The approcah we have taken so far in this tutorial has shown us the major workflow patterns involved with cartographic modeling: Transforming data into represenataions of our own values; modeling local and incremental relationships, and also some simple terrain analysis. The next section will elaborate on our model a bit more, to showcase some fancier incremental functions for taking into account areas having variable resistance. We will also look at visibility functions, which is another sort of incremental relationship. THere are two more major types of relationships that are part of the cartographic modeling toolkit: Focal Functions, which consider the relationship of a cell with the facts represented in a data layer -- within a specified neighborhood, and Zonal functions which take measurements of phenomena within areas defined by the zones in a raster or the polygons in a feature-class.
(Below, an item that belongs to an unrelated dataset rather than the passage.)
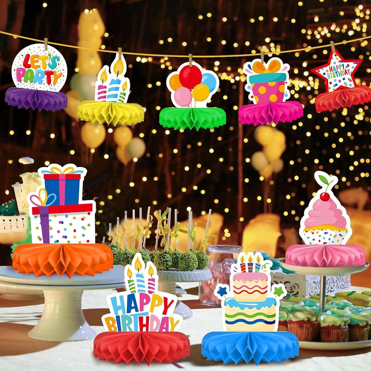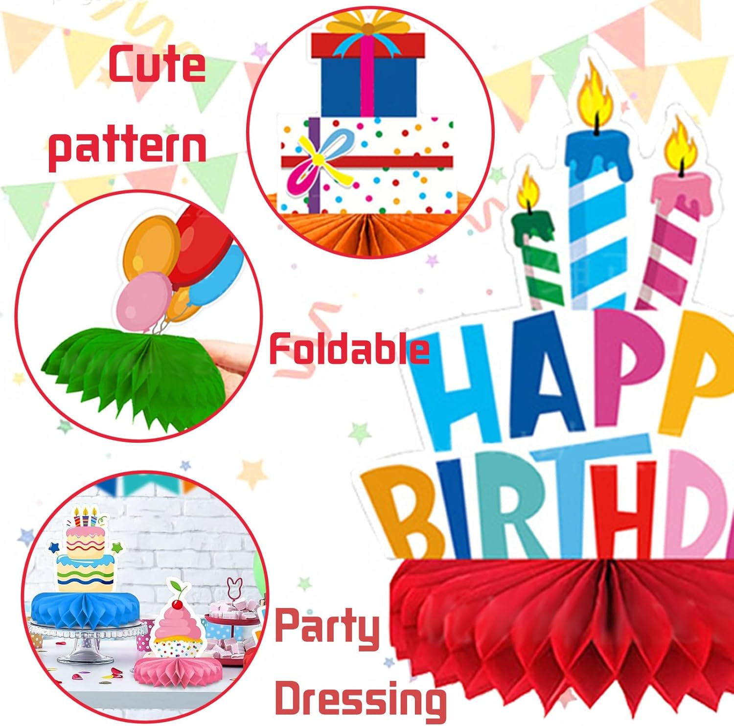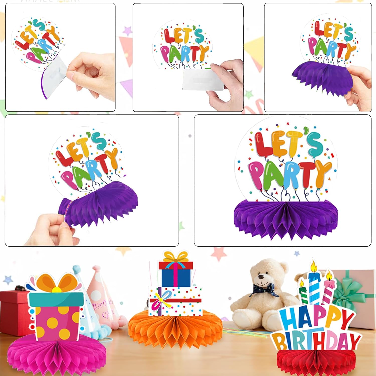 【Cosa Ottieni】Riceverai 9 pezzi di decorazioni per il compleanno in diversi design, che possono aggiungere esperienze ed effetti diversi alla tua festa. Contiene elementi iconici del compleanno come candeline, stelle, torte, palloncini, parole "HAPPY BIRTHDAY" e molto altro, perfetti per decorare la tua festa di compleanno e ideali per creare un'atmosfera di compleanno a tema 【Materiali di Alta Qualità】Questi centrotavola a nido d'ape sono realizzati in carta di alta qualità, e ogni decorazione a nido d'ape è realizzata con cura per garantire che i colori siano duraturi, lisci, durevoli e resistenti allo sbiadimento, adatti a molteplici usi e sempre freschi e nuovi 【Facile da Montare】Il set di decorazione centrotavola compleanno più facile da montare, basta incollare il nido d'ape e attaccarlo sul biglietto di compleanno, quindi strappare l'adesivo della sfera a nido d'ape e attaccarlo a un'area fissa su un lato del biglietto, quindi espandere la palla a nido d'ape, una bella decorazione da tavolo per feste di compleanno è terminata e puoi posizionarli ovunque tu voglia decorare 【Design Stampato su Entrambi i lati】 le nostre decorazioni per tavolo 3D a nido d'ape sono stampate su entrambi i lati, con stampa trasparente su entrambi i lati, garantendo che ogni decorazione aggiungerà fascino alle tue decorazioni di compleanno. Renderanno sicuramente le tue decorazioni di buon compleanno più eccitanti 【Ampie Applicazioni】I nostri topper da tavolo per il compleanno assicurano che la tua festa sia piena di colore e gioia, adatti a tutti i tipi di feste a tema compleanno, celebrazioni di anniversario, feste per bambini e così via. Da posizionare sul tavolo da pranzo, sul tavolino da caffè, sugli armadi, ma sono adatti anche per i vostri accessori e decorazioni per feste a tema

Since our model is going to get a bit more complicated, we will break it down into separate sub-models, which will each yield a value raster which summarizes the local pluses and minuses for each cell within our study area with special regard to the development of earth-sheltered housing. These will then be given the weighted average treatment in the very last phase.

Cost-Weighted Distance


Model Number 2 uses a distance function to look at the proximity of commercial centers. We value good access to commercial centers. To demonstrate this sort of distance function, we will consider accessibility by car, since this is a common thing to do. We will leave it as an exercise for you to figure out how to convert this to a model for pedestrian and cycling accessibility. Our model converts the road class attribute to a value of cost for crossing a cell. Because the reclass function can only yiels an integer raster, our first transformation yields values of Minutes per Kilometer. Because people do not move only on roads, we reclass \ the value of the land between the roads from NoData, to 10. This simulates the cost of traveling overland to get from the road to your destination. The cost units, required by the cost distance function are expected to be experesed in terms of the distance units of the input layers or the geoprocessing environment. This is why we use the map algebra function to divide our cost units by 1000, converting them to minutes per meter. Now when we use this cost layer in the costdistance function, the relationship that is represented in our output for each cell, will be the cost of getting to the nearest commercial area (in minutes.)

Model 2a makes this accessiibility model more realistic, by stipulating that water cells are not so easily crossed as land cells. This model introduces a couple of important functions that are often necessary when transforming raster datasets:

  • Merge function effectively overlays a list of rasters, and allows rasters listed first to supercede rasters listed subseqently. In the merge function cells having a value of NoData are treated as transparent, according to this overlay analogy.
  • Conditional Functions: These allow you to create a new raster whose cell values are defined conditionally based on an evaluation of an expression.

The merge function lets us overlay the road values over the stream values, and the conditional function SetNull allow us to turn the set the wet cells to a value of NoData which will effectively dictate that the only way to cross a hydrographic feature is where a bridge already exists.

Incremental Relationships where Slope is a Factor

Model 3 provides a better way of modeling the relationship of water features to potential building sites. This model uses the Pathdistance tool, which wil yield the distance across the landscale (considering that travel on a slope accumulates more distance than travel on a level surface. Path Distance also will consider that some types of land cost more to cross than others, due to vegetation or roads, for example. Finally, we can adjust the Vertical Factor Properties to restrict the measuermentr so that it will only travel up-slope -- which when runnof is concerned, is the sort of relationship we want to measure.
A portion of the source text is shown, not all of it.